What I like, though, about drafting all RBs, and then WRs, and then QBs and TEs, is that you allow yourself to take advantage of all the positional mistakes your league mates make. By banging RB early, you give yourself the chance of drafting in Round 6 a WR who should’ve been drafted in Rounds 4 or 5 (maybe Marques Colston, Eric Decker, or Danny Amendola). And then by pounding WRs in the middle rounds, you give yourself a chance of drafting a QB in Round 13 a guy who should’ve been drafted in Rounds 10-12 (maybe Andy Dalton or Ben Roethlisburger). And then by filling all of your other needs first you give yourself the chance of taking in the final rounds a TE who should’ve gone earlier—maybe Kyle Rudolph or Greg Olsen or Fred Davis: whoever it is, you may have the chance to grab him, if you want him.

So I think RB/RB/RB/RB/RB works in 10-team leagues—but can it work in 12-team leagues? Using the exact same specifications, but substituting instead a 12-team league and drafting from the 5 spot, I had these results:

Picking from the 5 spot in a 12 team league:

Optimized Team

Round Overall Conf. Based ADP Player POS Proj. Pts
1 5 6 Ray Rice RB 224.6
2 20 24 DeMarco Murray RB 186.43
3 29 32 David Wilson RB 178.99
4 44 46 Christopher Ivory RB 156.61
5 53 58 Daryl Richardson RB 118.3
6 68 74 Cecil Shorts WR 141.21
7 77 81 Steve Johnson WR 135.91
8 92 92 Lance Moore WR 129.25
9 101 109 Michael Floyd WR 115.93
10 116 119 Kenbrell Thompkins WR 53.15
11 125 139 Sam Bradford QB 234.04
12 140 143 Alex Smith QB 227.75
13 149 200 Greg Little WR 98.22
14 164 200 Rod Streater WR 94.55
15 173 200 Ladarius Green TE 15.11
16 188 200 Zach Sudfeld TE 38.58

I may be crazy, but I still think this looks pretty good. Certainly the WR position is tighter, but it’s always going to be tighter in a 12-team league. And if you wanted you could draft only one TE and instead get another WR like Mohamed Sanu, Brandon LaFell, Jarrett Boykin, or Aldrick Robinson. If you wanted to draft only 1 QB you could add another WR, someone like Brian Hartline or Malcom Floyd. And remember that other players are also available in these ranges. If you want Brandon Weeden instead of one of these QBs, go for it.

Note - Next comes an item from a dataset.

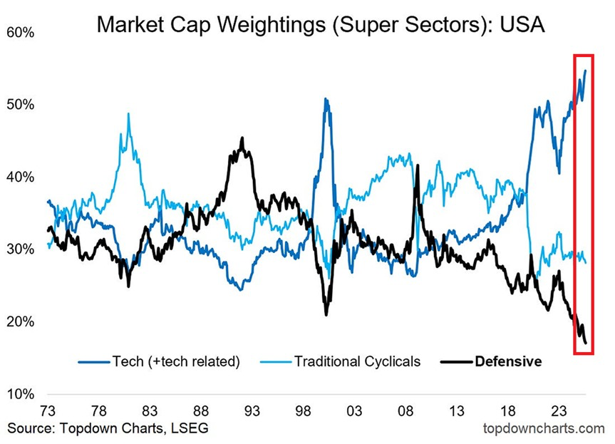 La concentration du marché n’a jamais été aussi extrême : Les actions technologiques et liées à la technologie représentent désormais un record de 55 % du marché boursier.

But even the roster above I believe is viable as it is. The RB group is utterly dominant for a 12-team league, the late-round QB strategy has secured 2 strong sleepers, 2 young high-upside TEs can be streamed, and a WR group of Cecil Shorts, Steve Johnson, Lance Moore, Michael Floyd, Kenbrell Thompkins, Greg Little, and Rod Streater is better than you think, since all of those guys have legitimate chances of being top-36 WRs in 2013. In other words, all of those guys have a chance of being startable players for your team. And if 3 or 4 of those guys submitted high-end WR2 seasons, that could be good enough when joined with your dominant RBs, stable QBs, and better-than-expected TEs.

Most importantly, I believe that this strategy gives you depth at both the RB and WR positions. If one of your RBs is injured, you are sufficiently covered by another RB who is a starting-caliber player. And if you want to trade later in the season then you can deal from a position of strength. And you also have underrated depth at WR, as all of these receivers have potential to start and are thus all tradable commodities.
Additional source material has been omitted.